For a long time, I thought certain roles were just harder to fill because the talent pool was thin. But over time… after enough searches, enough conversations, enough missed hires… I started seeing a different pattern.
The best candidates aren’t applying.
They’re not sitting on job boards refreshing listings. They’re not blasting out resumes. Most of them are heads down, doing well where they are, getting paid decently, and honestly… not that motivated to move unless something really catches their attention.
So when a company says, “We posted the job and didn’t get strong applicants,” I get it. But also… that’s not where your best hire is going to come from.
That realization changed how I look at every search.
Speed matters more than most teams think
I once watched a company lose three candidates in two weeks. Three.

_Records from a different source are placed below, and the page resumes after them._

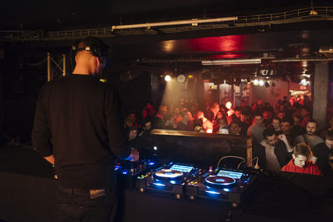DJ Set du DJ Kobosil du collectif Exil, et warm up du DJ Ruhbarb, durant la soirée "Exil : Kobosil all night long" au Glazart. Paris, 24 mars 2018.
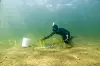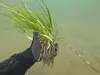 Ein Taucher pflanzt Seegras.
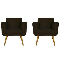 Kit 02 Poltronas Decorativas Isa em Tressê Suede Marrom - DS Móveis

All solid. All interested. All qualified.
And every time, the feedback was the same… “We just need a little more time to think.”
That one stung.
Because by the time they were ready, those candidates were gone. Not because they weren’t interested… but because someone else moved faster. Made a decision. Extended an offer. Kept things moving.
And look, I understand wanting to be thoughtful. Hiring matters. Getting it right matters.

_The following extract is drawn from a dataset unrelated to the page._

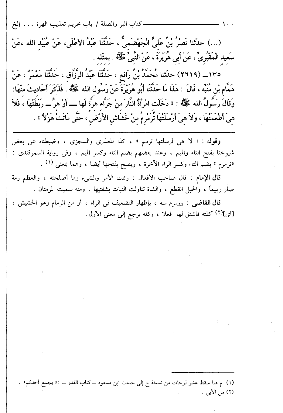 135 - (2619) حَدَّثَنَا مُحَمَّدُ بْنُ رَافِعٍ، حَدَّثَنَا عَبْدُ الرَّزَّاقِ، حَدَّثَنَا مَعْمَرٌ، عَنْ هَمَّامِ بْنِ مُنَبِّهٍ، قَالَ: هَذَا مَا حَدَّثَنَا أَبُو هُرَيْرَةَ عَنْ رَسُولِ اللَّهِ صَلَّى اللَّهُ عَلَيْهِ وَسَلَّمَ. فَذَكَرَ أَحَادِيثَ مِنْهَا: وَقَالَ رَسُولُ اللَّهِ صَلَّى اللَّهُ عَلَيْهِ وَسَلَّمَ: " دَخَلَتْ امْرَأَةٌ النَّارَ مِنْ جَرَّاءِ هِرَّةٍ لَهَا - أَوْ هِرٍّ - رَبَطَتْهَا، فَلَا هِىَ أَطْعَمَتْهَا، وَلَا هِىَ أَرْسَلَتْهَا تُرَمْرِمُ مِنْ خَشَاشِ الْأَرْضِ، حَتَّى مَاتَتْ هَزْلًا ".

But here’s the truth… top candidates don’t stay on the market long. Not anymore.
If your process drags, if decisions take too long, if communication gets spotty… they read that as hesitation. And hesitation kills momentum.
The companies winning right now? They’re decisive.
Not reckless. Just clear.
Comp matters… but it’s not the whole story
This is where things get a little more nuanced.

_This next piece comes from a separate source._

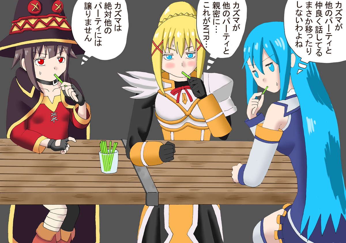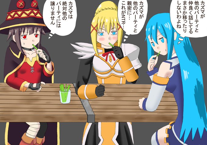 小説1巻137Pのシーンのカズマが他のパーティーに情報収集してる間、不安そうな3人 食べてるのは野菜スティックです 後ふきだしでアクアの髪の輪っかが隠れてちょっと地味になってしまいました アニメではカットされてたので描きました #この素晴らしい世界に祝福を #このすば #めぐみん twitter.com/i/web/status/1…
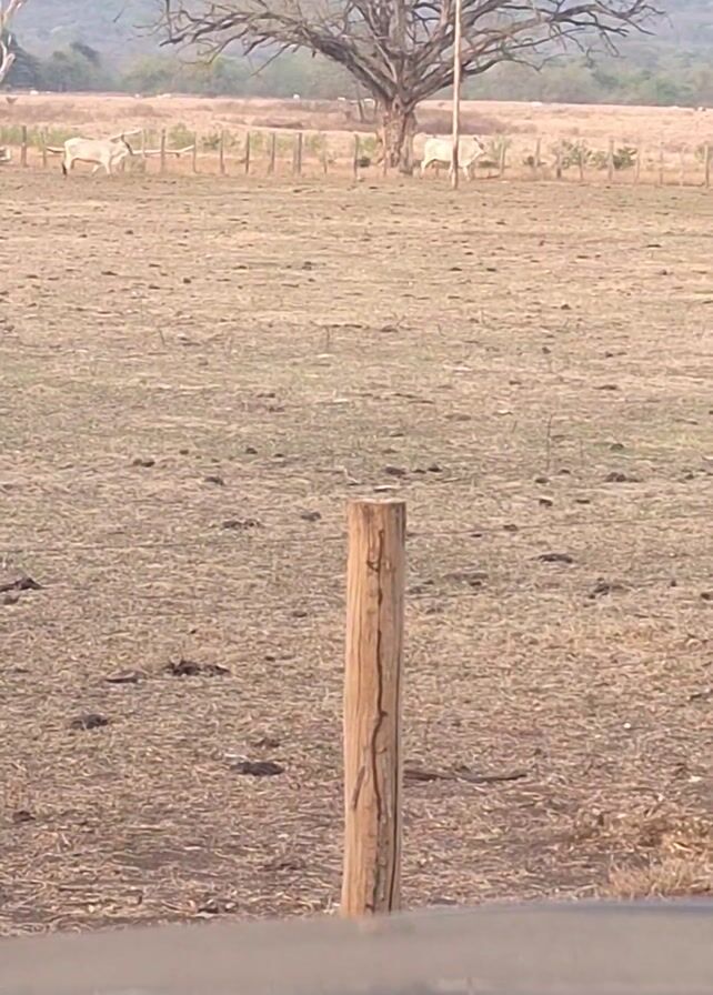 rural landscape, with a dry, grassy field bordered by a wooden fence. In the distance, there are two white animals, possibly cattle, grazing near a large, bare tree. A wooden post is visible in the foreground. The sky is overcast, and a mountain range can be seen in the background. There is a sound of a vehicle passing.

Yes, compensation matters. A lot. Especially right now. People know their value more than they did even a few years ago. They’re comparing offers, talking to peers, doing their homework.
But I’ve also seen candidates turn down higher paying offers… because something else didn’t feel right.
Culture. Leadership. Clarity around the role. Growth opportunity.
I had a candidate walk away from a bigger offer because, in his words, “I just didn’t feel like they knew what they wanted me to do.”
That stuck with me.
Because it’s not just about paying more… it’s about making the opportunity make sense.
When candidates feel like they’re walking into chaos, or unclear expectations, or a leadership team that isn’t aligned… no amount of money fully offsets that.
The best companies don’t just interview… they recruit
There’s a difference. And you can feel it when you’re in the process.
Some companies treat interviews like an evaluation. One sided. Question after question. Minimal context. Little effort to actually engage the candidate.
Others… they recruit.
They sell the vision. They explain the why behind the role. They make the candidate feel like they matter in the process.
And here’s the part people miss… top candidates are evaluating you just as much as you’re evaluating them.
I remember a candidate telling me after an interview, “It felt like they were trying to catch me messing up, not trying to understand what I could actually do.”
He passed on the next round.
That made me rethink how much of the process is really about connection versus just qualification.
The companies that win here tend to do a few things differently:
- They come prepared to explain the role clearly
- They share context about the team and expectations
- They ask thoughtful questions, not just scripted ones
- They create space for real conversation, not just interrogation
It’s subtle. But it makes a difference.
And yeah… reputation is everything now
This part has changed a lot over the last few years.
Candidates talk. More than ever. They share experiences, good and bad. They compare notes. They look up reviews. They ask around.
So even before someone interviews with you… they usually have a sense of what to expect.
I had a candidate hesitate on a process because he’d heard from someone else that communication was slow and feedback was vague.
He wasn’t wrong.
That’s the kind of stuff that sticks.
And once it becomes part of your reputation, it’s hard to shake.
The companies that are winning right now are intentional about this. Not perfect… but aware.
They follow up. They close loops. They treat candidates like people, not just pipeline.
Seems simple. But it’s not always common.
One thing I wish more companies understood
You don’t win the talent war by wanting great people.
You win it by being the kind of company great people actually want to join.
That’s a different mindset.
It’s not about posting more jobs or screening more resumes or adding more steps to the process.
It’s about clarity, speed, communication, and creating an experience that feels worth someone’s time.
I guess if I had to put it simply… the talent war isn’t about finding people anymore. It’s about earning them. And the companies that figure that out, the ones willing to look inward and adjust how they hire… they’re the ones quietly winning while everyone else is still wondering where all the good candidates went.